= Baumettes Prison =

Prison in Marseille, France

Baumettes Prison (also known as the Centre pénitentiaire de Marseille) is a prison in the 9th arrondissement of Marseille.

==Location==
The prison is named after the district of Les Baumettes. It is located at 239, chemin de Morgiou, in the 9th arrondissement of Marseille. This area was outside the city but has been absorbed as the city expanded.

==History==
It was built from 1933 to 1939. It contains sculptures designed by Antoine Sartorio. It opened in 1936, as three inner city jails were closed down.

The prison covers some 30,000 m^{2}. It contains 1,380 cells housing approximately 1,700 prisoners, mostly men, around a quarter of whom are not French. The site includes a unit for juvenile offenders, another for female prisoners, and a prison hospital.

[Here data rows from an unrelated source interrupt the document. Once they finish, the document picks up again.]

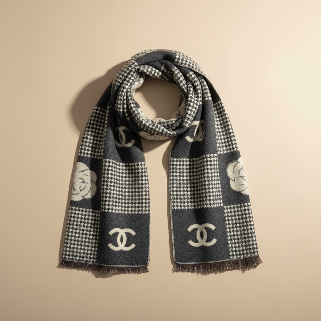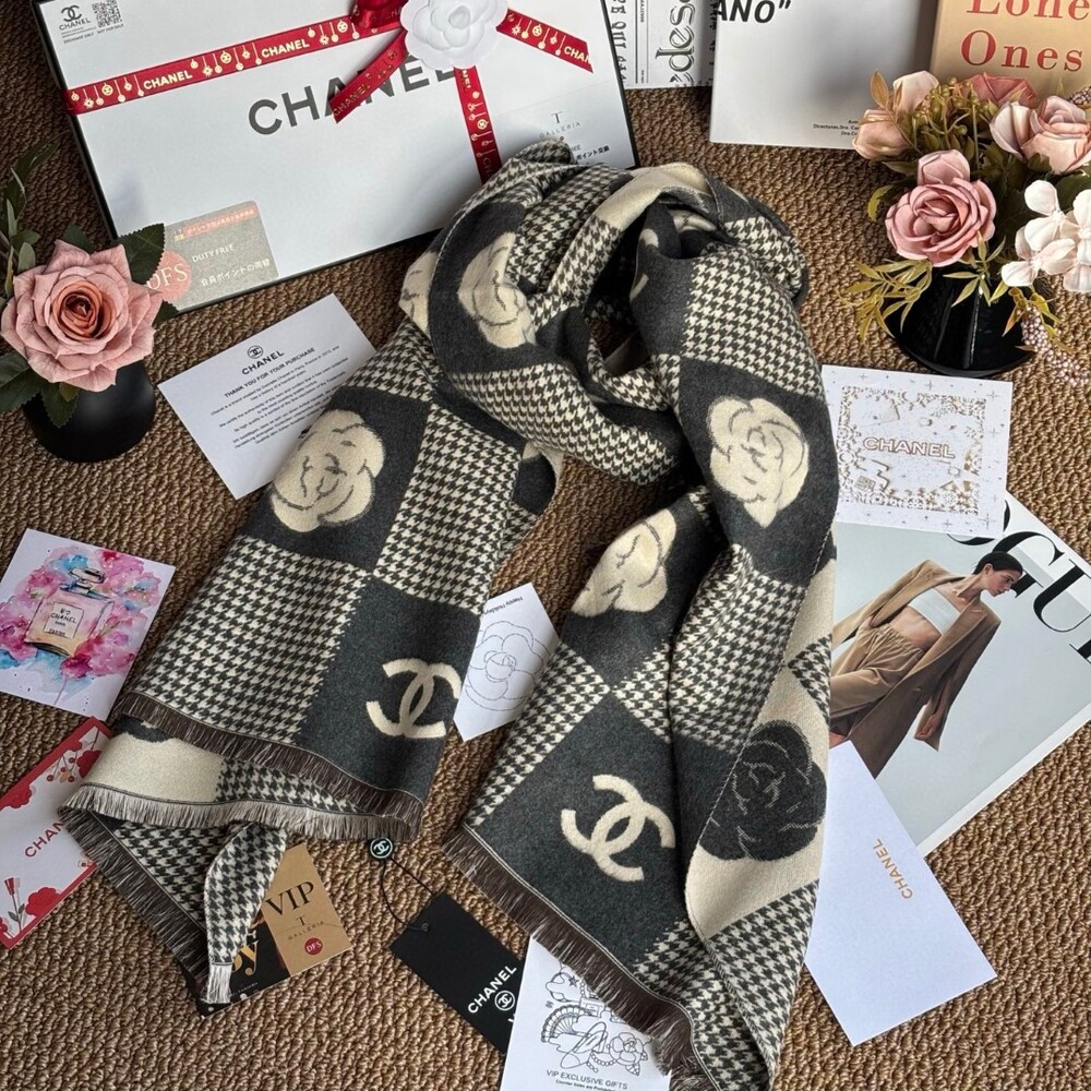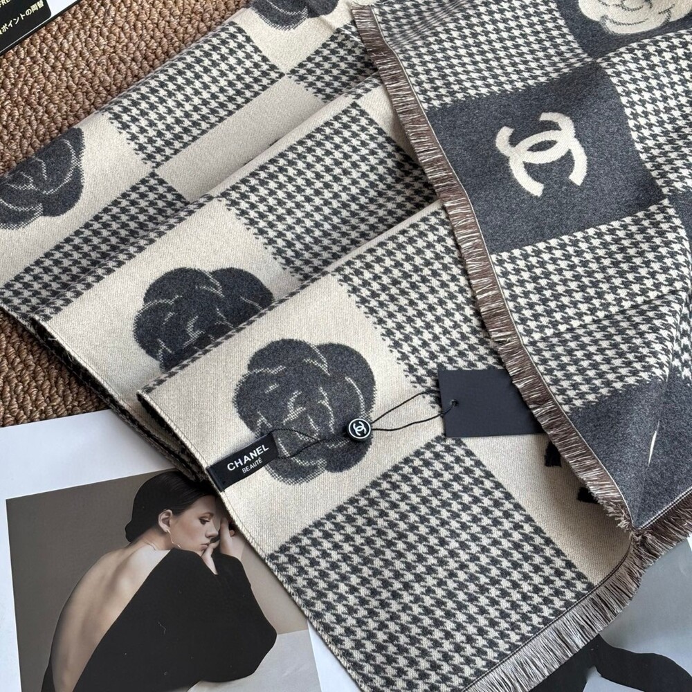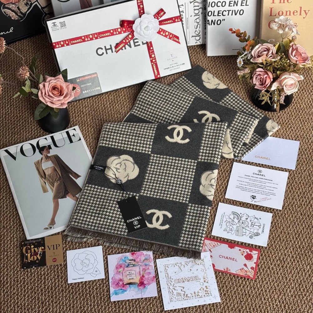 A premium CHANEL VIP exclusive cashmere plaid scarf,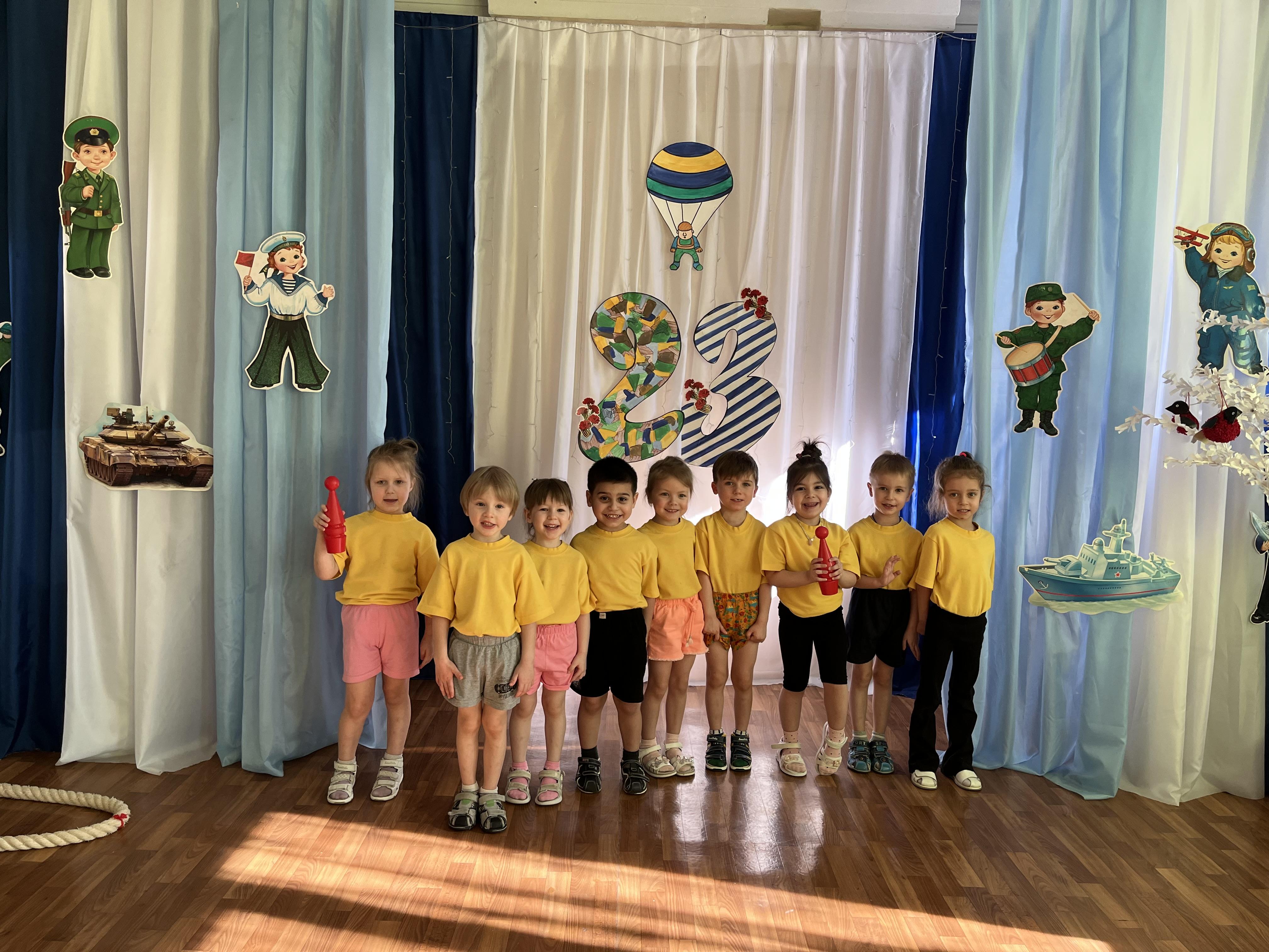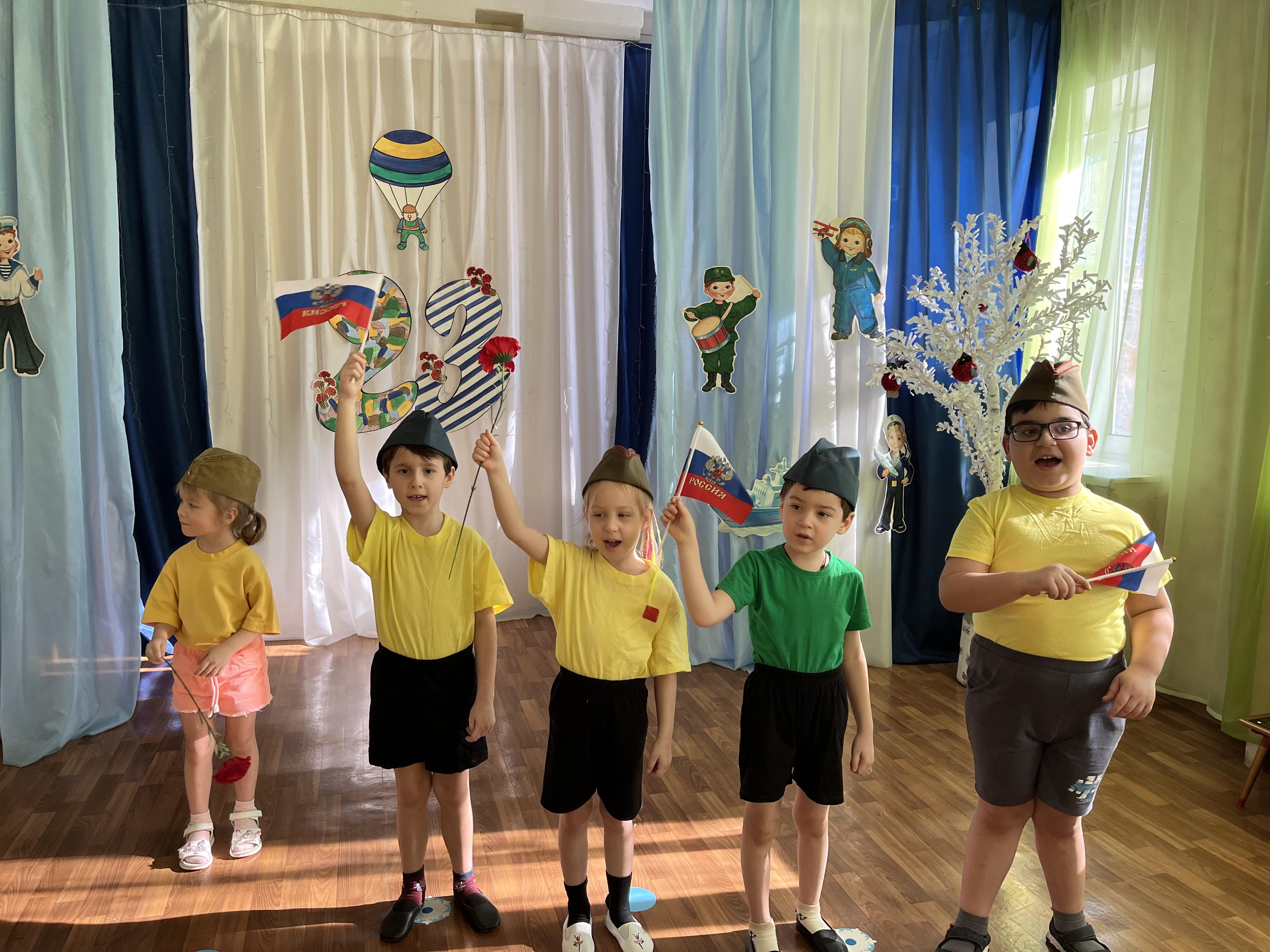В преддверии празднования Дня защитника Отечества в нашей дошкольной образовательной организации в течение недели воспитатели провели с детьми тематические беседы, занятия, организовали фотовыставки "Я и мой папа". 17 февраля в 10-00 часов сотрудником ГКУКВО Астраханцевой И.П. для старших дошкольников был проведен литературный час «Есть такая профессия - Родину защищать!» Также педагоги организовали и провели музыкально- спортивный праздник "Мальчишка- будущий солдат!" с детьми старшей и средней групп. В конце недели воспитатели провели во всех группах занятия «Подарок на 23 февраля», который дети подарили своим папам и дедушкам и всех мужчин поздравили с Праздником!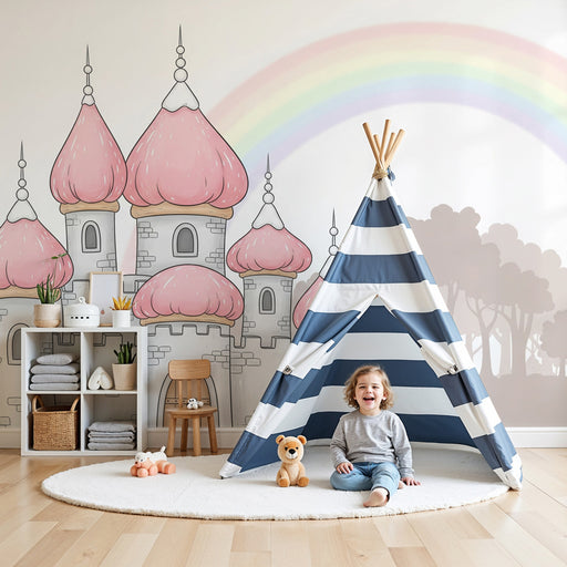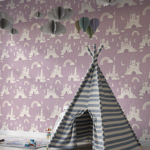 KidsWallMuuta lapsesi huone taianomaiseksi kuningaskunnaksi tällä satulinnaan inspiroituneella tapetilla. Sen vaaleanpunaiset tornit ja lumoava design kuts...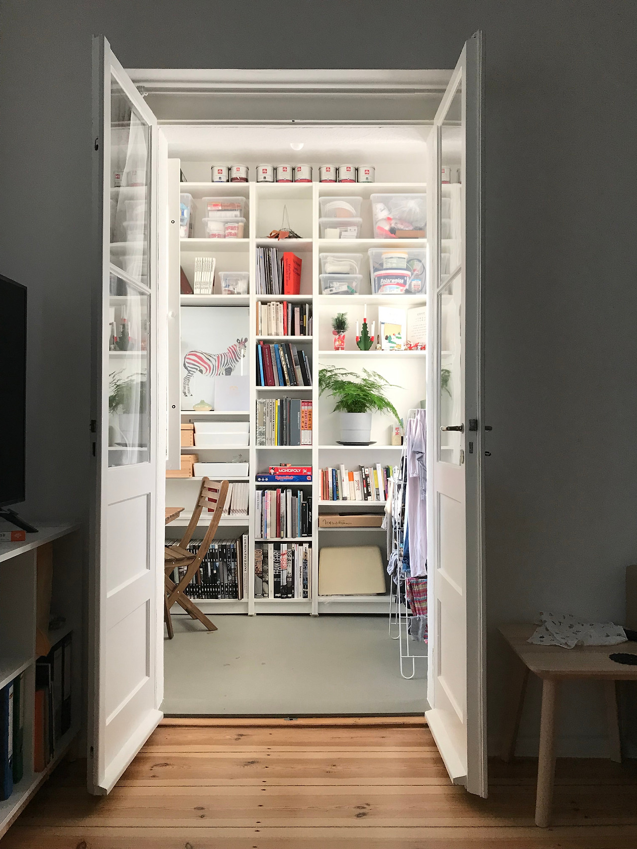 앞으로 얼마나 더 이사를 하게 될지는 모르겠으나 살벌하게 불어나는 살림에 점점 두려워지기는 한다. 세 식구의 살림은 세명의 살림 ‘곱하기’ 알파이다. 살림들을 해결하게 위해 수납공간에 대해 머리를 많이 굴려야 했는데 그렇게 얻어걸린 우리 집 '베란다'는 내가 가장 애착을 느끼는 공간이다. 아주 가끔씩, 모든 가족이 아침에 깨지 않은 조용한 아침에 베란다에 앉는 걸 즐긴다. 너무 자주 주어지지 않는 그 빈도수마저 나에겐 매력적이다.

A 10-year renovation project started in 2006. The project will cost approximately €133 million to improve standards of hygiene, safety and security. The first phase, from 2006 to 2010, involved renovations to the main entrances, watchtowers, visiting rooms, and the construction of a new mess hall and workshops. The prisoners' accommodation was renovated from 2009.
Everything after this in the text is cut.